Militarising policing, increasing profit

It only takes a look at the market interests behind the sale of water cannons and related riot control technologies, to understand businessman Boris’ interest in supporting their sale. Riot Control is big business and London is an international industry hub. Each year London hosts the Counter Terror Expo, attracting 9,500 attendees, including government buyers from countries currently embroiled in human rights violations for their use of riot control technologies, including Bahrain and Turkey. Down the road in Farnborough, the Home Office’s annual Security and Policing event is preparing to serve drinks and canapés to law enforcement representatives and equipment manufacturers from around the world at its March reception. Closed to the public, this Home Office event proudly advertises that the expo “enables exhibitors to display products which would be too sensitive to show in a more open environment.”

Rather than a tool of ‘de-escalation’, the use of water cannon perpetuates social violence. Seen as a declaration by the state that dissent must be crushed, the deployment of luminous, militarised water cannon vehicles often results in escalating force from both police and ‘crowds’. It has been seen to increase the use of home-made firebombs and defensive attacks on police, turning protest into asymmetrical urban warfare—and giving weapons buyers and manufacturers the need to produce more and more equipment.

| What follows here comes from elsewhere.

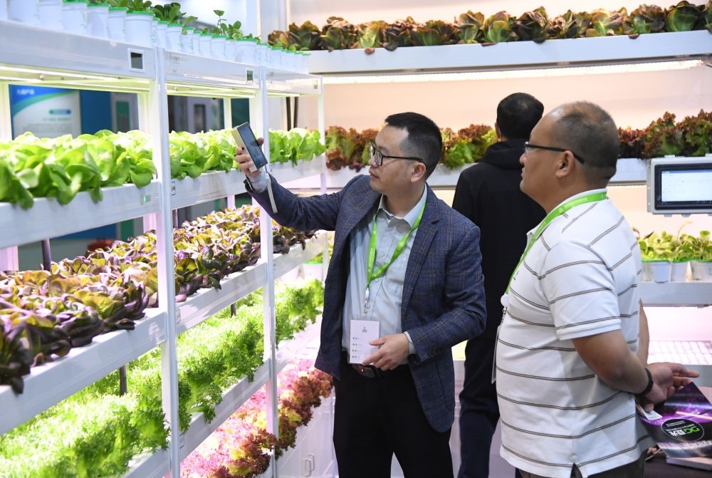 2023世界農業(yè)科技創(chuàng)新大會11月2日至4日在北京舉行。這是2023年11月2日,工作人員(左)在世界農業(yè)科技博覽會現(xiàn)場介紹智慧植物工廠。新華社記者 任超 攝
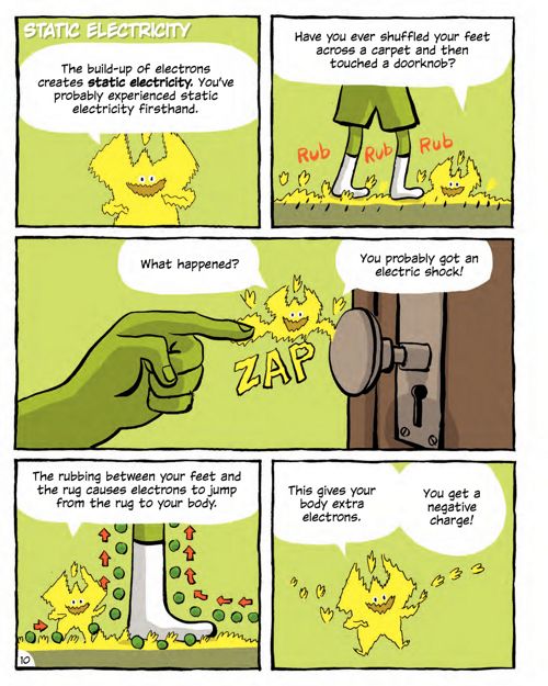 So when you reach for the doorknob millions of extra electrons leap from you to the knob or from the door knob to.

As governments and corporate manufacturers continue to capitalise off social unrest, police departments privately seek to procure ever expanding arsenals of upgraded weaponry. Reporting on the police forces’ pending acquisition of water cannons, West Mercia Chief Constable David Shaw concludes, “There is no intelligence to suggest that there is an increased likelihood of serious disorder within England and Wales. However, it would be fair to assume that the ongoing and potential future austerity measures are likely to lead to continued protest.”

It is in this use of austerity to justify an increased police arsenal that the limitations of the water cannon debate become so clear. The public consultation period offers no room for questioning why riots and uprisings happen in the first place. It offers us no history lessons of humanitarian disasters, nor of struggles against oppressive governments. It provides no access to the classified scientific reports on these weapons. It claims ‘independent review’ without disclosing committee membership or engaging any of the warnings from medical associations around the world. Instead, we are left with only a deadly ultimatum: “Spray of water, or spray of bullets? Take your pick.”

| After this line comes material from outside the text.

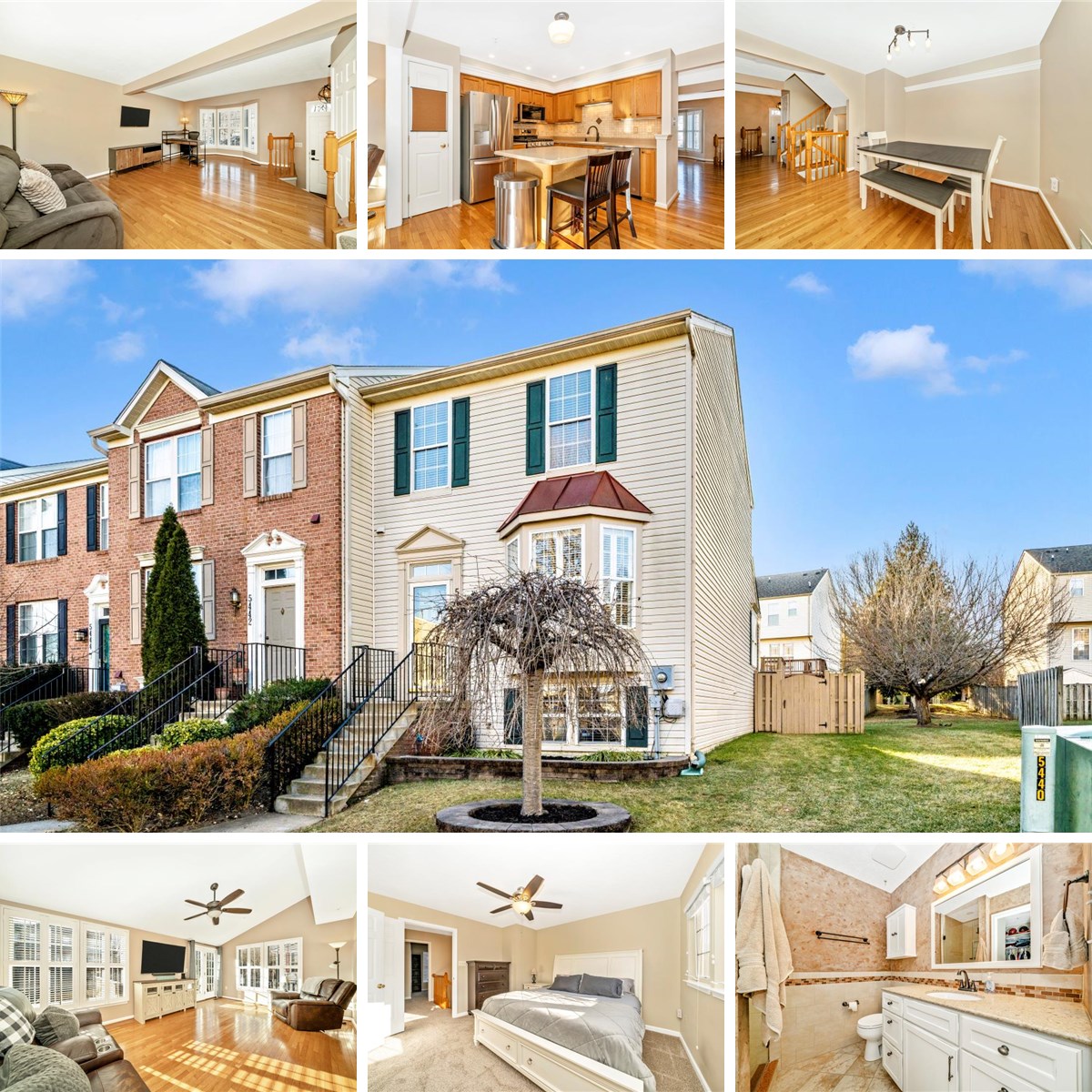 Beautiful End-Unit Townhome in Ballenger Crossing! This well-maintained home features hardwood floors throughout the main level and plantation shutters, creating a bright and inviting space. The spacious family room flows seamlessly into the kitchen, which offers Corian countertops, tile backsplash, new stainless steel appliances, a center island, and ample eat-in table space. Just off the kitchen is an additional living or dining area, perfect for entertaining or flexible use. Step outside from the kitchen to a large deck and fully fenced backyard, ideal for outdoor gatherings. Upstairs features brand-new carpeting throughout, a generous primary suite with a large walk-in closet, and a private en-suite bath showcasing a custom tile shower with a frameless glass door. Two additional well-sized bedrooms and a second full bath with custom tile work and a granite vanity complete the upper level. The fully finished lower level offers a spacious recreation room with an energy-efficient gas fireplace, a fourth bedroom, and a convenient half bath. A walk-out basement provides even more natural light and functionality. Additional highlights include a newer roof, fenced yard, and no city taxes. Conveniently located near schools, shopping, and major commuter routes. This home offers exceptional space, upgrades, and value—don’t miss it!

Framed as a matter of cost-saving concerns, they tell us these cannons will come as the cheaper option. But the cost of a water cannon amounts to much more than £30,000 a piece used from Germany, or £1 million with all the new features (plus training, maintenance and operation). Water cannons also cost the weight of these human rights abuses around the world. They cost the likelihood of massive legal settlements and public outrage when protocol is not followed with laboratory precision. They cost the results of ignoring how school closures, youth centre shutdowns, job losses, tax evasions and growing disillusionment with the government and police fuel uprisings. These are the realities that need far more than public consultation periods. No water cannon will cool them down.

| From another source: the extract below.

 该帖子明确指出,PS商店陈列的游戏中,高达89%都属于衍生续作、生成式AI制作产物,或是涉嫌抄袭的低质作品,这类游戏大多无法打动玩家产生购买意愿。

As this carved out time period of public consultation comes to an end, all that has accumulated is more chatter and less facts. We have witnessed public consultation without public information; a spectacle of engagement that has left only more unanswered questions. Like a domestic ritual, the Home Office strategy for addressing public order policing appears to have its own cycle: conduct backroom science, downplay human impacts, ignore history, white-wash and repeat.